Vandalism spread across the famous Tuileries gardens and into the Place de la Concorde. Cars smoldered after being set alit in front of the famous Orangerie and Jeu de Paume galleries; the latter of which had its glass windows smashed in by some demonstrators. Protests also forced many of the city’s museums to shutter their doors on Saturday. The Grand Palais has closed its doors for the last two Saturdays because of the Yellow Vests demonstrations. The Petit Palais also closed. The Musée des Arts Décoratifs closed its entrance on the Rue de Rivoli, obliging visitors to enter via its secondary, back entrance near the Tuileries gardens. And for security reasons, the Musée Nissim-de-Camondo in the 8th arrondissement closed its doors early at 4pm.
However, civil unrest did not have a big affect on the Parisian auction world. Artcurial auction house, located on the Champs-Elysées, has had its Saturday auctions interrupted for the last two weeks but still made a healthy profit on its rescheduled Sunday auction, which surpassed $1.48 million.
‘‘What happened today in Paris has nothing to do with the peaceful expression of legitimate anger,” Macron said on Saturday. “Nothing justifies attacking the security forces, vandalizing businesses, either private or public ones, or that passers-by or journalists are threatened, or the Arc de Triomphe defaced.”

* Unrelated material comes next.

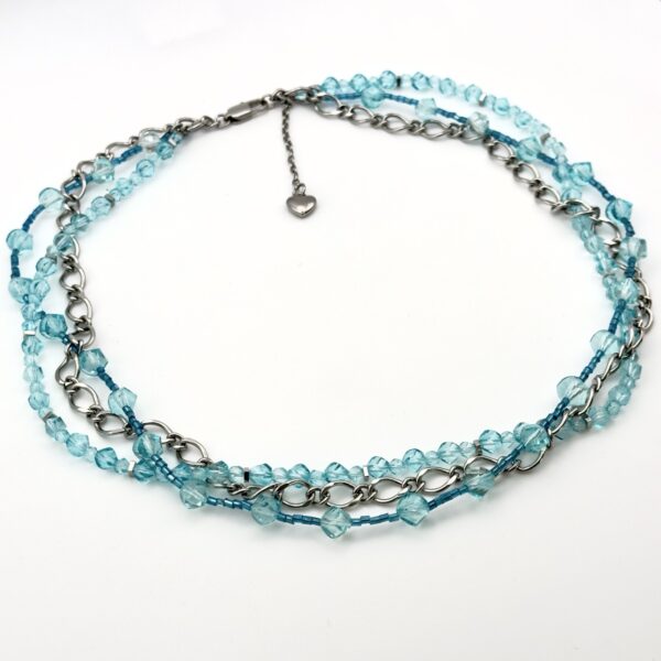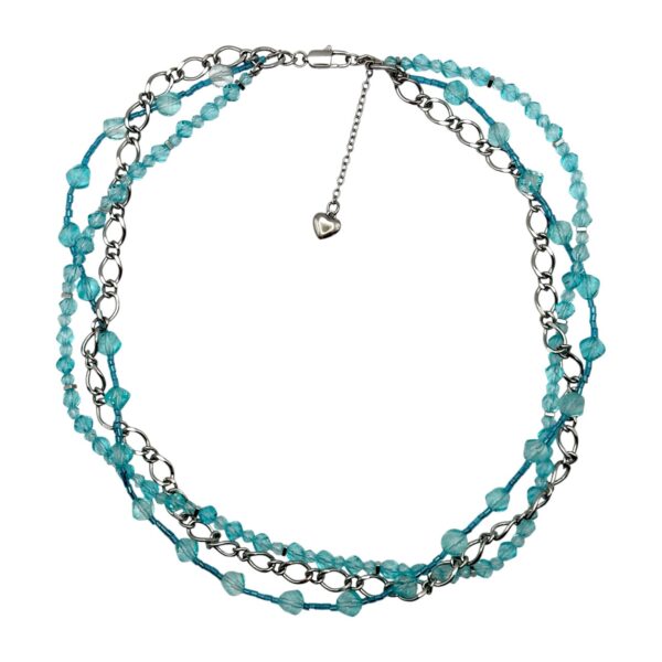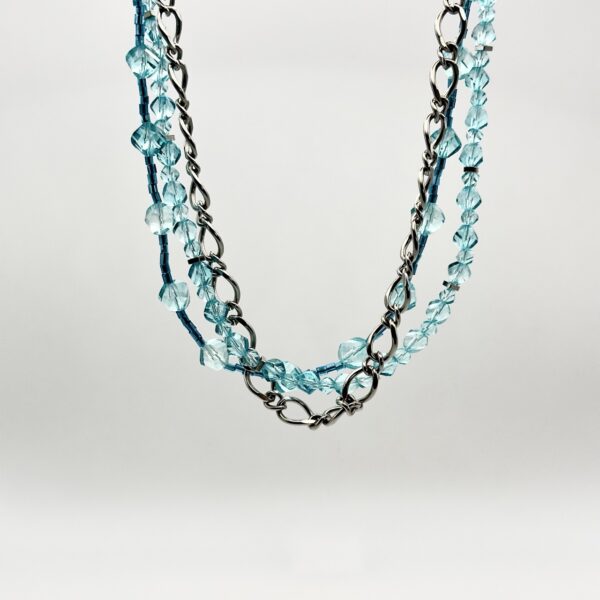 Кольє з колекції Tender or Brutal з намистинами з блакитного скла і металу розкриває характер контрастів. Родієва фурнітура підкреслює холодне сяйво, а довжина 51 см з подовжувачем 7 см створює виразний силует. Бісер Preciosa додає фактуру та візуальну глибину.

Public opinion polls in the last week suggest that somewhere between 70 to 80% of French people sympathize with the contention of the Yellow Vest protesters that Macron “talks about the end of the world while we are talking about the end of the month.” The comment underscores a dissonance between Macron’s policy agenda and the primary concerns of most French people, who have increasingly seen their take-home pay fall behind their living costs. Like the United States, France has also contended in recent years with rising inequality and financial instability for its lower and middle classes.